*** Opening SUPPLIED MATERIAL ***

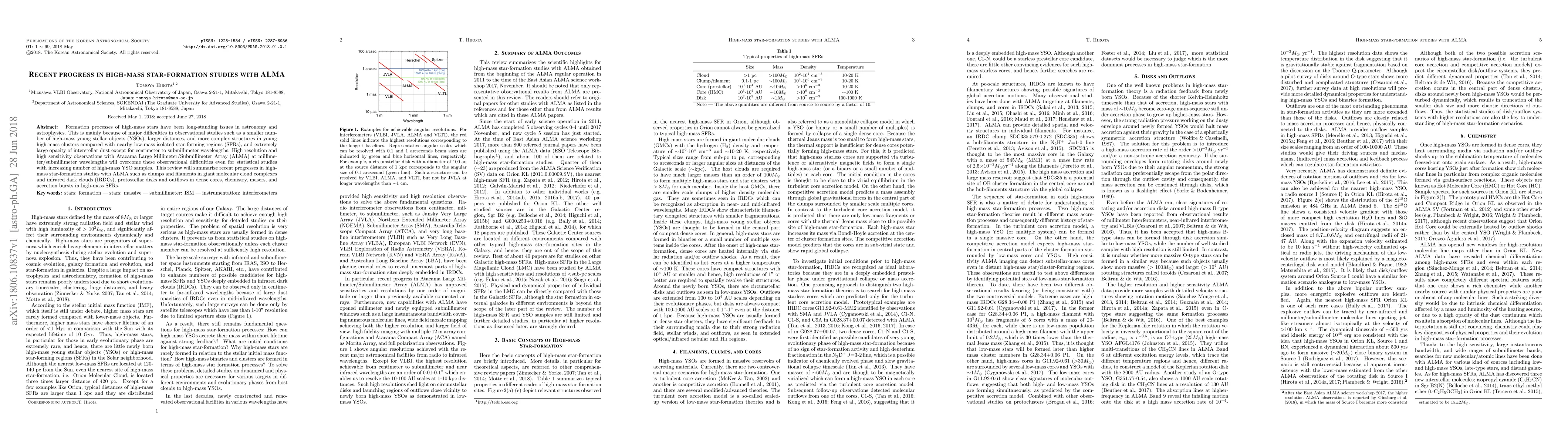 This paper reviews recent advancements in high-mass star-formation studies using ALMA, highlighting significant progress in observing clumps, filaments, protostellar disks, and outflows in complex molecular clouds and infrared dark clouds. ALMA's high resolution and sensitivity have facilitated detailed investigations into the chemistry, masers, and accretion bursts in high-mass star-forming regions.
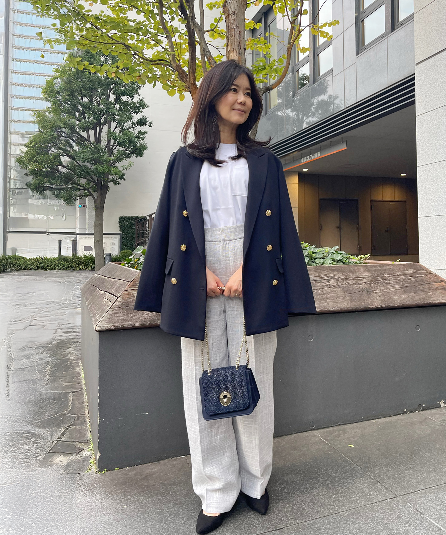 マニッシュなジャケットパンツスタイルをさらっと着こなす、が今季のテーマです🤍
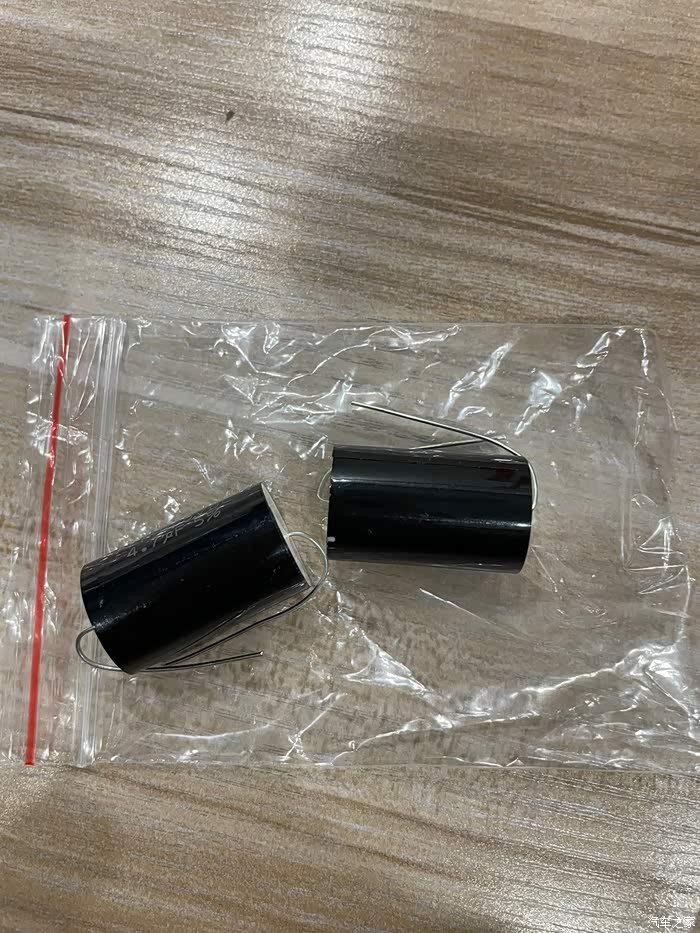 原车高音喇叭用的是5.6uf 50v的普通电容,高音效果不好,基本没有高音,更换直径20mm,损耗0.06%,误差5%的金属化聚丙烯膜电容,高音喇叭发音效果还行,低成本升级方案。
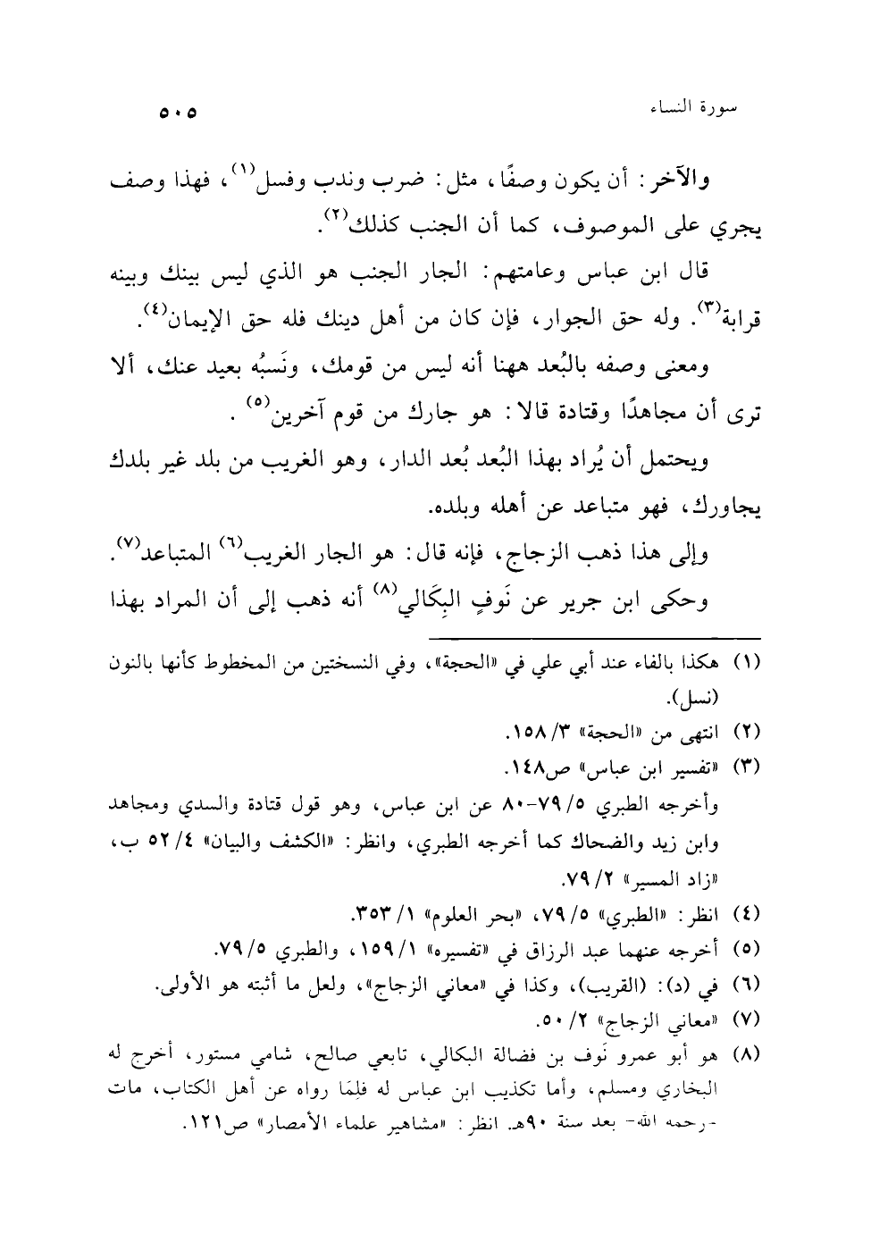 (¬5) "غريب القرآن" لابن قتيبة ص 119، وانظر الطبري 5/ 84، "بحر العلوم" 1/ 354.
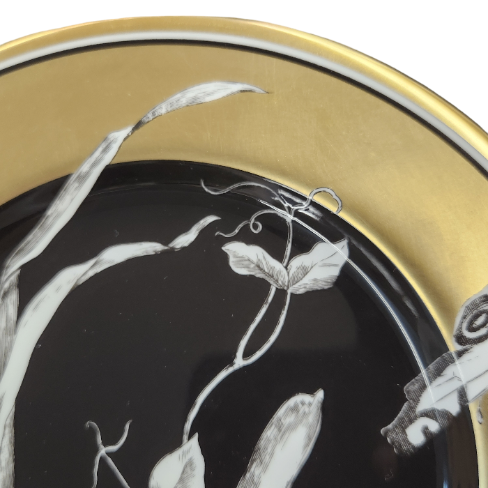 MINTON ミントン ROSENBORG ローゼンブルグ プレート 2枚セット 16.5cm ペア 陶磁器 金彩 花 ボタニカル ホワイト/ブラック/ゴールド ROSENB6P 中古 T1
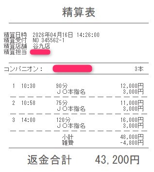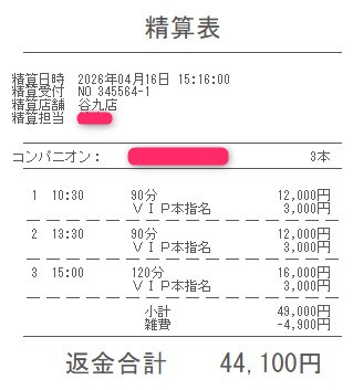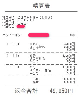 本指名バックは3,000円
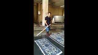 Nella prima fase si esegue la battitura del tappeto, a cui segue il lavaggio ad acqua (nella maggior parte dei casi) in cui vengono utilizzati detergenti delicati che ridonano la brillantezza originale alle lane.
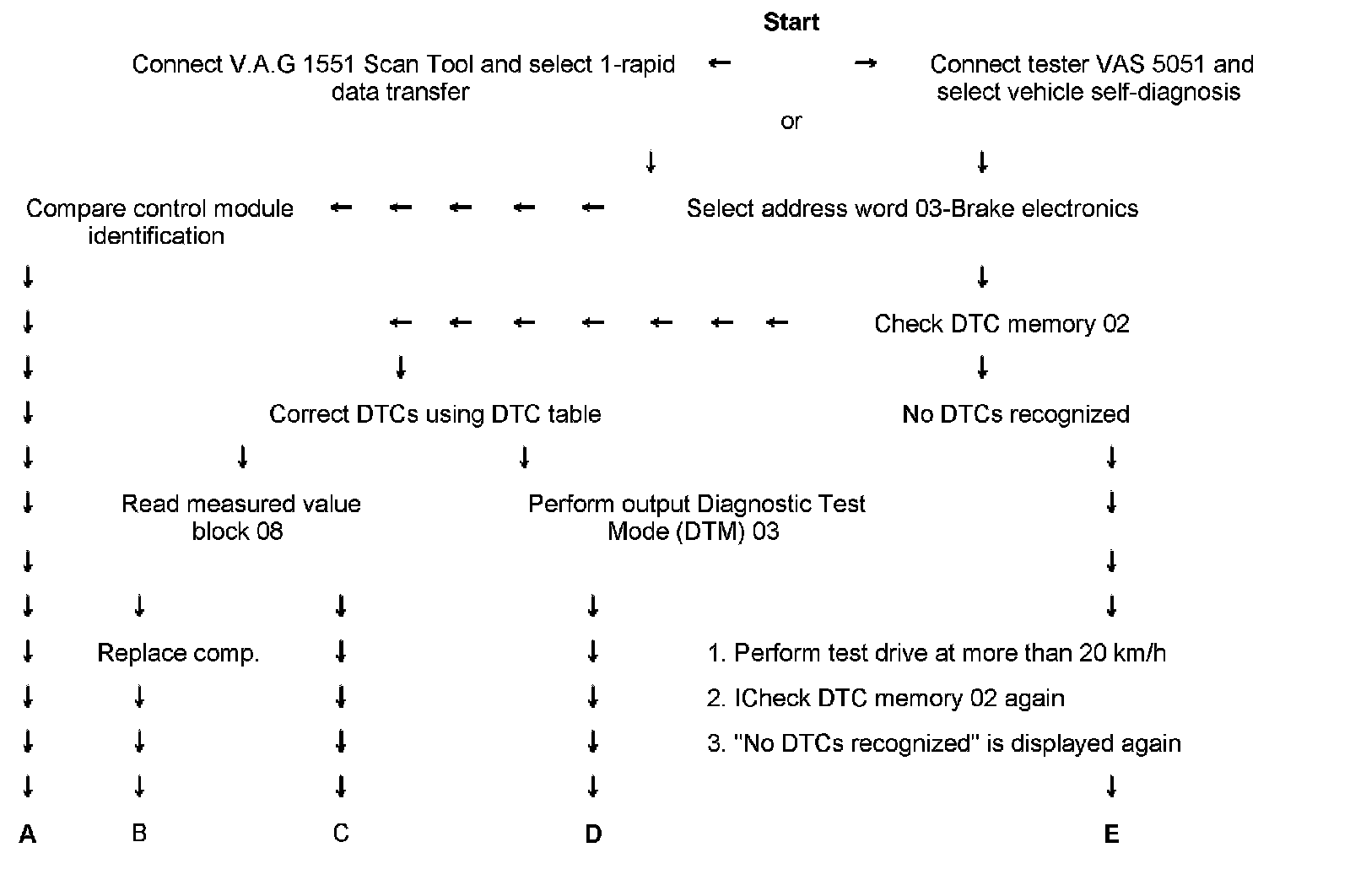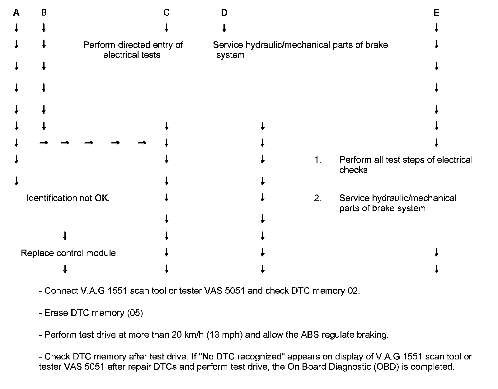 Troubleshooting with V.A.G 1551 scan tool or tester VAS 5051 on ABS Mark 60 (flow chart)

*** Closing SUPPLIED MATERIAL ***

▶ [ACTION ITEM] The copy should hold, exactly, the lines from the one containing "原车高音喇叭用的是5.6uf" to the final line of the listing above, with both ends present and no pictures.

▶ [YOUR SOLUTION]
 原车高音喇叭用的是5.6uf 50v的普通电容,高音效果不好,基本没有高音,更换直径20mm,损耗0.06%,误差5%的金属化聚丙烯膜电容,高音喇叭发音效果还行,低成本升级方案。
 (¬5) "غريب القرآن" لابن قتيبة ص 119، وانظر الطبري 5/ 84، "بحر العلوم" 1/ 354.
 MINTON ミントン ROSENBORG ローゼンブルグ プレート 2枚セット 16.5cm ペア 陶磁器 金彩 花 ボタニカル ホワイト/ブラック/ゴールド ROSENB6P 中古 T1
 本指名バックは3,000円
 Nella prima fase si esegue la battitura del tappeto, a cui segue il lavaggio ad acqua (nella maggior parte dei casi) in cui vengono utilizzati detergenti delicati che ridonano la brillantezza originale alle lane.
 Troubleshooting with V.A.G 1551 scan tool or tester VAS 5051 on ABS Mark 60 (flow chart)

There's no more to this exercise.